I realize yours may contain a few more small optimizations, but I'd like to 
prefer clarity and correctness over speed. If you can confirm that this fix is 
correct, we can discuss the tradeoffs between clarity and speed.

Original comment by kak@google.com on 28 Mar 2014 at 7:37

GoogleCodeExporter commented 9 years ago
+1 this looks good. I'll rerun the tests and I expect them to pass. I'm going 
to run the latest version (#18) in a profiler and look for any bottlenecks.

Original comment by spie...@addthis.com on 28 Mar 2014 at 7:54

GoogleCodeExporter commented 9 years ago
Looks good, maybe except for `long combinedHash = hash1 + hash2;`, where `long 
combinedHash = hash1` would be both clearer and (a very tiny bit) faster 
(there's really no point in combining the longs as the Murmur's last two steps 
are `h1 += h2; h2 += h1;`).

The problem with *later* optimizations is serialization. When people start 
saving their filter, you can't really change it anymore. You can create a new 
strategy, but you should maintain them all forever. No nice 
implementation-independent SerialForm works here.

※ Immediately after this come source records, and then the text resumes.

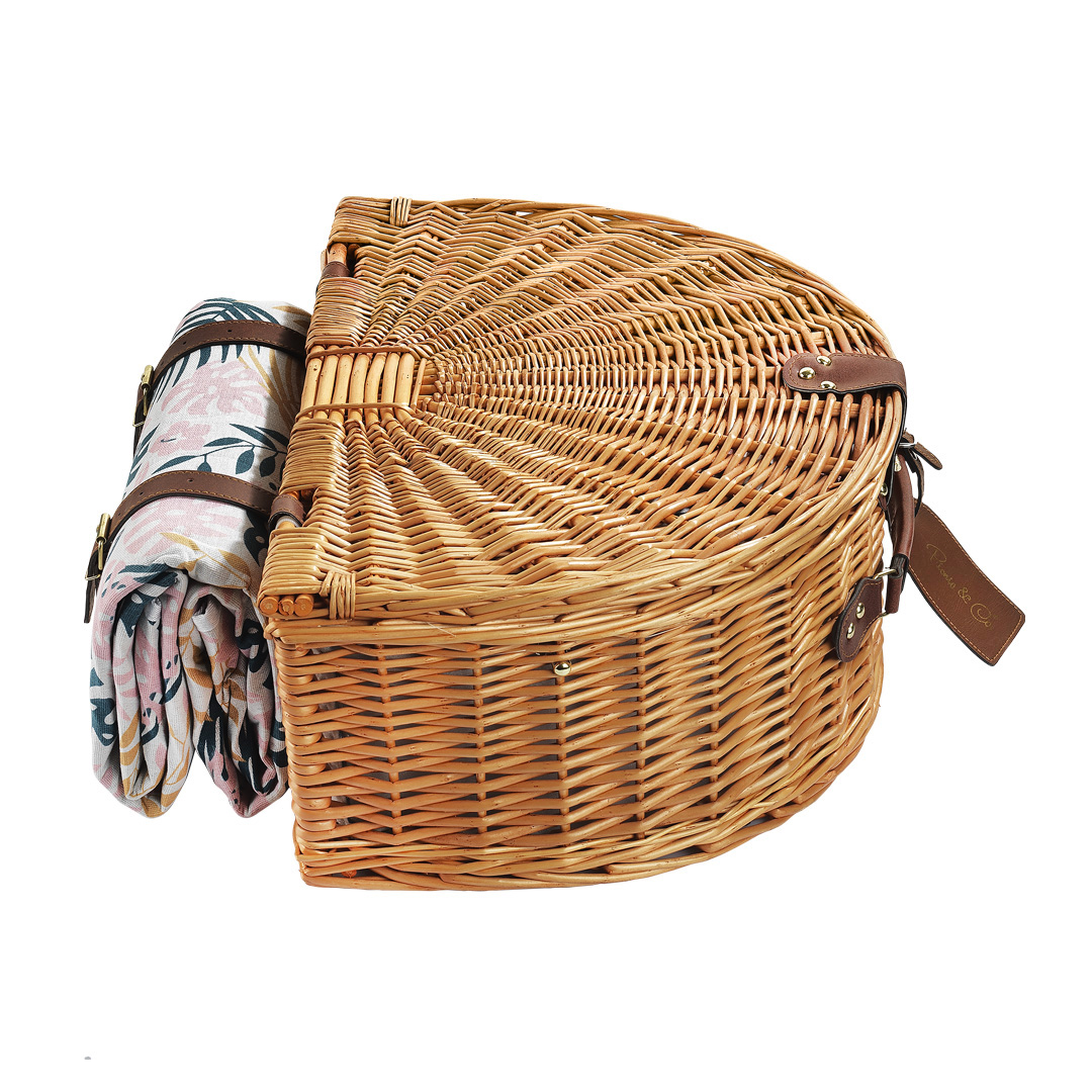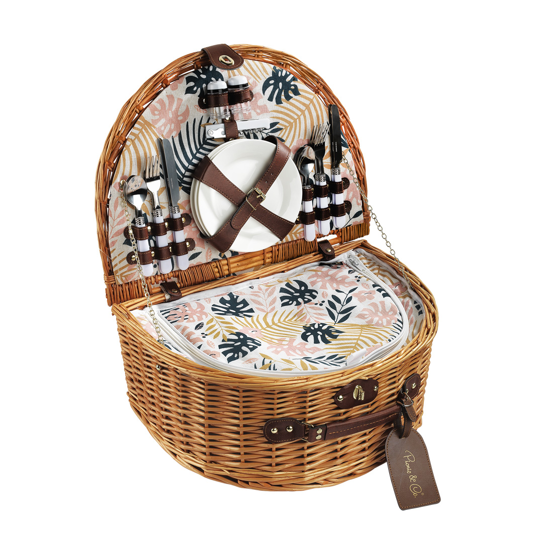 4 Kişilik Yaprak Desenli Yarım Ay Piknik Sepeti (NZ-15)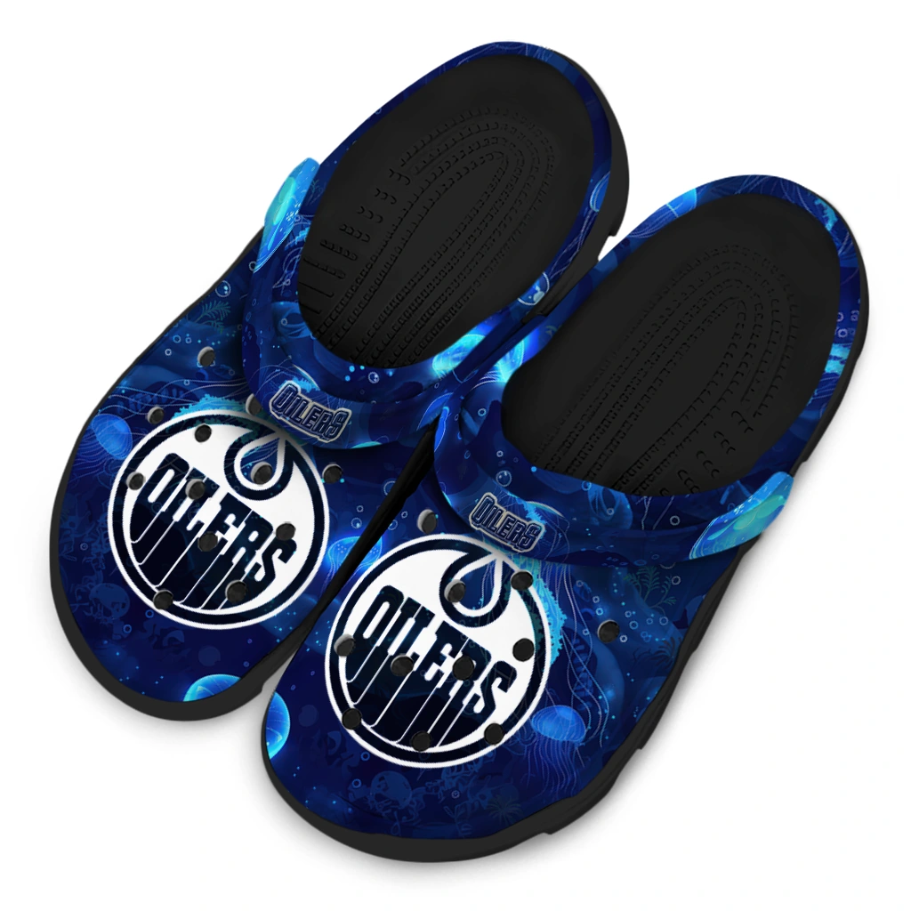 Show your spirit with the ultimate comfort clog! The All-Star Spirit Comfort Clogs – Edmonton Oilers Jellyfish Ocean Clogs are designed to keep pace with your active life while showcasing your love for the game. We've combined featherlight EVA material with bold, team-inspired color patterns! These clogs are a home run for versatility, offering slip-on ease, breezy comfort, and a vibrant look that travels effortlessly from the stadium parking lot to your sofa. What an easy way to cheer on your team!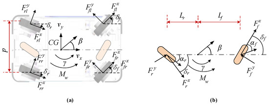 In practice, we can directly measure or estimate the lateral forces , and by using observer techniques [20]. As shown in Figure 1b, we will simplify the four-wheel model as a single-track model for the dynamic RLSC design. In this regard, we rewrite the lateral and yaw dynamics as follows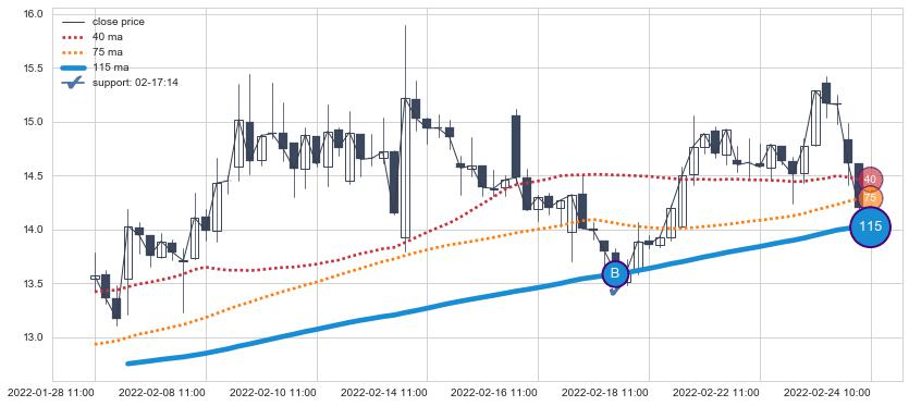 ⚂ 2022-07-12 13:00:00-小时均线向下破位,2022-08-05 13:00:00-小时重新上穿突破均线,均线支撑再次生效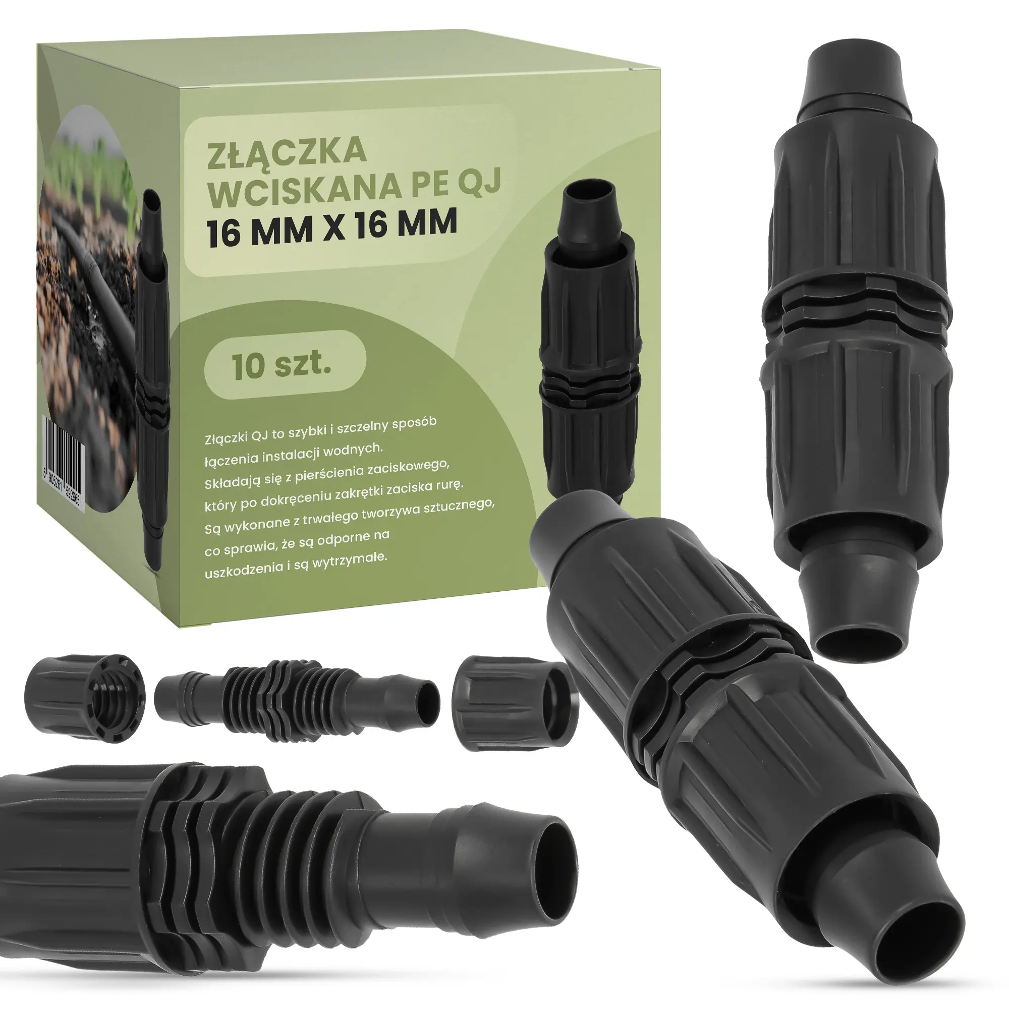 Dzięki niej możesz bez problemu i dodatkowych narzędzi połączyć rury PE lub linie kroplujące i stworzyć wydajny system, który przetransportuje wodę dokładnie tam, gdzie tego potrzebujesz. To prosty sposób na dbanie o rośliny bez wysiłku. Produkt sprawdza się w systemach domowych, jak i w profesjonalnych uprawach wielkopowierzchniowych.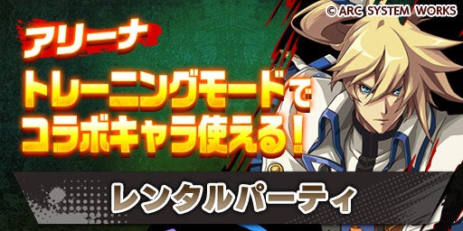アリーナリーグのトレーニングモードで、「★5 カイ=キスク」、「★6 ソル=バッドガイ」、「★6 ディズィー」など『GUILTY GEAR Xrd REV 2』コラボで登場したキャラクターを体験することが出来ます。実際にキャラクターを所持していなくてもパーティに組まれたレンタルパーティを回数限定で使用することができます。
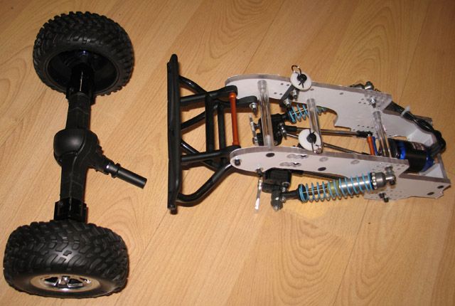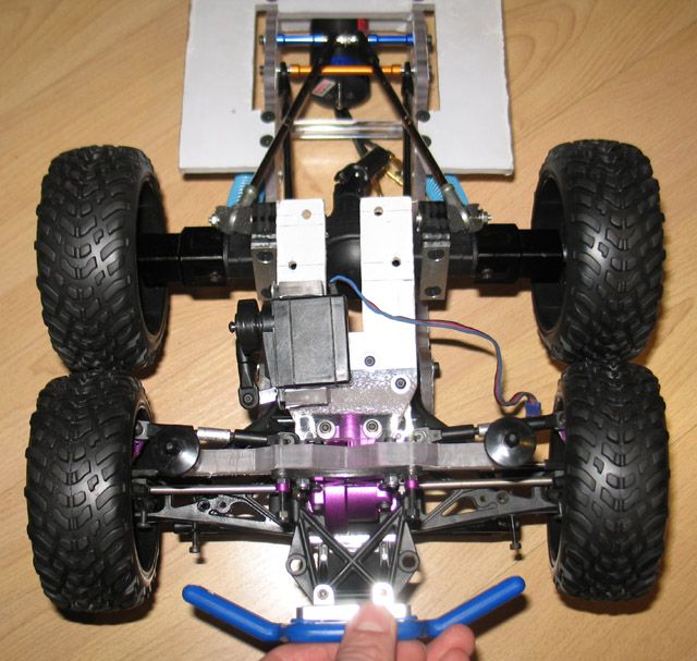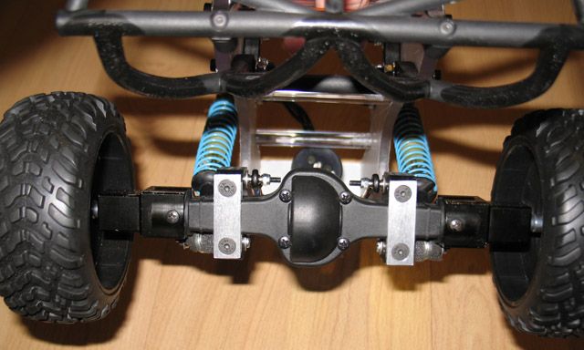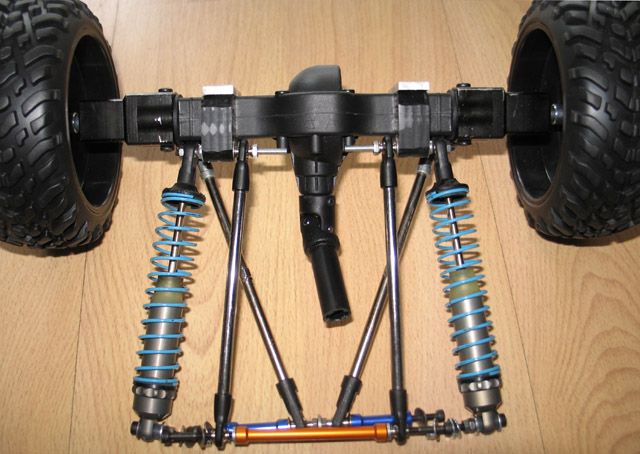 -HPI Wheely King rear axle with RC4WD straight-axle adapters, custom c-clamps for mounting of the 4-link suspension, STRC widener kit, and Ofna Super Shocks

Unfortunately, there's no single big optimization here, just a couple of 10% 
speedup for 10 minutes headache trade-offs. The good news is that the new 
version is faster than the broken one: 
https://microbenchmarks.appspot.com/runs/5d98efb8-9013-460b-9c0f-a576e6d158ba 

Original comment by Maaarti...@gmail.com on 28 Mar 2014 at 8:33

GoogleCodeExporter commented 9 years ago
I think I'm going to leave the extra addition in. The paper that's referenced 
in the Javadoc, "Less Hashing, Same Performance: Building a Better Bloom 
Filter" (http://www.eecs.harvard.edu/~kirsch/pubs/bbbf/rsa.pdf) uses this 
formula:

gi(x) = h1(x) + i*h2(x)

Which is what we've got now. I'd rather leave it as is to match the paper (for 
clarity sake), than to tinker with it more.

Thanks for all the help Martin + Spiegel. Submitting shortly!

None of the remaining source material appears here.